И с благодарностью она подумала о том, что мать среди множества вчерашних забот не забыла поставить в комнату персики, как не забывала в течение двадцати пяти лет ставить около кровати мужа стакан мацони, он любил натощак выпить кислое молоко. — Я буду каждый вечер приносить тебе персики и двадцать лет и тридцать! — пообещала Заира.
— Каждый вечер персики? Да я через неделю их возненавижу и сбегу. Пожалей меня! Нодар засмеялся и спрятал голову под одеяло.
Он был ребячлив, он был покладист, он был, был... Все это было тысячу лет назад.
— У тебя ведро наполнилось! — сказал Мард.
— Верно! — она взялась за холодную мокрую дужку ведра. Ну и глазастый, Мард, все замечаешь! Он удивленно посмотрел на нее.
— Так давно же льется через край! — подумал и добавил: Как ливень! — Точно! — обрадовалась Заира. — Как ливень! А теперь, давай, малыш, чайник поставим. Сполоснем и поставим.
— Сам знаю, что ополоснем! — невесть отчего он опять надулся, старательно поболтал воду в чайнике, вылил, заглянул во внутрь, проверил чисто ли и отвернувшись от Заиры, подставил его под желобок.
Заира вздохнула, положив руку ему на плечо.
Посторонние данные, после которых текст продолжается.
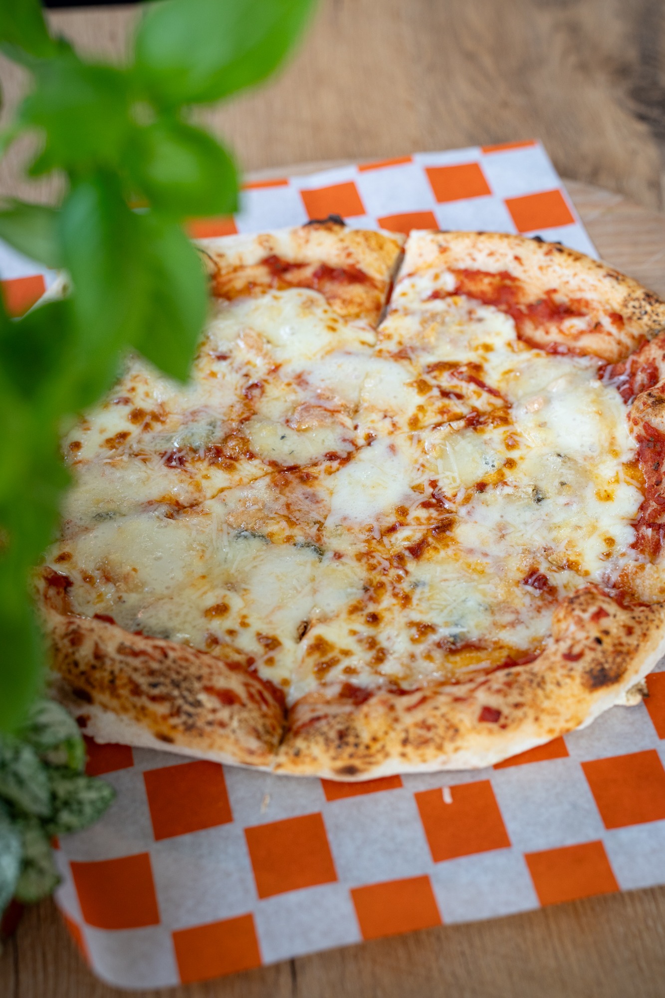 sos z włoskich pomidorów pelati, mozzarella, taleggio, gorgonzola, grana padano

Он вытянул шею как индюшонок, напрягся. Она сняла руку.
Однажды, было это когда Мард едва научился ходить, они втроем приехали погостить дней на десять. Нодар предпочел бы все каникулы провести в Сухуме у своих родных, но перечить Заире не стал, только договорился с ней, что сам больше двух дней не останется, а она может и погостить подольше. Отец, как всегда, был молчалив. Мать суетилась и все больше вокруг зятя. И на дню по десять раз принималась хвалить мать Нодара, которая теперь месяцами жила в том северном городе, чтобы приглядывать за Мардом.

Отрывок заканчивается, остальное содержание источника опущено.